Outdoor Cinema at Glasgow Botanic Gardens This August
The Glasgow Botanic Gardens is the stunning backdrop for four nights of classic cinema screenings. Glasgow’s very own Bill Forsyth will be celebrated with four nights of his films.
‘Bill in The Botanics’ will run from 17 to 20 August showcasing four films – That Sinking Feeling, Comfort and Joy, Gregory’s Girl and Local Hero. These are classic films and I might have to go along to see Gregory’s Girl as it was filmed in my old school!
Tickets are expected to sell out, so make sure you secure your space via https://www.visitwestend.com/whats-on
David Howat, Chairman of Visit West End, said:
“If ever there was a film that could make you laugh and cry, it’s the iconic ‘Local Hero’. Being a native of the West End, we thought it was a great opportunity to pay homage to one of Glasgow’s best directors.
“After the phenomenal demand from last year’s Botanic screenings, we can’t wait to bring these movies to the big screen, that were directed by one of Glasgow’s own and filmed across the city. They really are a celebration of Glasgow and Glaswegians.
“Make sure your reserve your ticket, organise your friends and family and get set to revel in the splendour of the Botanics and a spot of cinema gold.”
All films will be shown at 9pm each evening and run from Thursday, 17 August until Sunday, 20 August.
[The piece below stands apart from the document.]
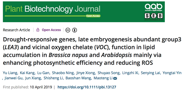 4月10日,我院栗茂腾教授课题组在国际植物学领域知名期刊Plant Biotechnology Journal在线发表了题为Drought responsive genes, late embryogenesis abundant group3 (LEA3) and vicinal oxygen chelate (VOC), function in lipid accumulation in Brassica napus and Arabidopsis mainly via enhancing photosynthesis efficiency and reducing ROS的研究论文。本文揭示了干旱胁迫基因LEA与VOC可通过提高光合效率,降低活性氧对植物细胞的伤害,从而保证了干旱情况下甘蓝型油菜与拟南芥中含油量的稳定,以及提高了正常环境下种子中油脂的积累。
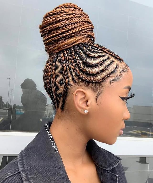 11. Cornrow Bun with Feed-In Braids

Tickets cost £3. Secure your ticket, head to https://www.visitwestend.com/whats-on
That Sinking Feeling 1979 – 21.00, Thursday 17 August
Comfort and Joy 1984 – 21.00, Friday 18 August
Gregory’s Girl 1981 – 21.00 Saturday 19 August
Local Hero 1983 – 21.00, Sunday 20 August
Gregory’s Girl –Gregory is a normal teen who is infatuated with a classmate. He must work to win her affection.
Local Hero –An American oil company sends a man to Scotland to buy up an entire village where they want to build a refinery. But things don’t go as expected.
Comfort and Joy: Radio host Alan Bird witnesses how an ice cream van is attacked and destroyed by an angry competitor.
That Sinking Feeling: Unemployed teens in dreary, rainy Glasgow plot a crime of the century.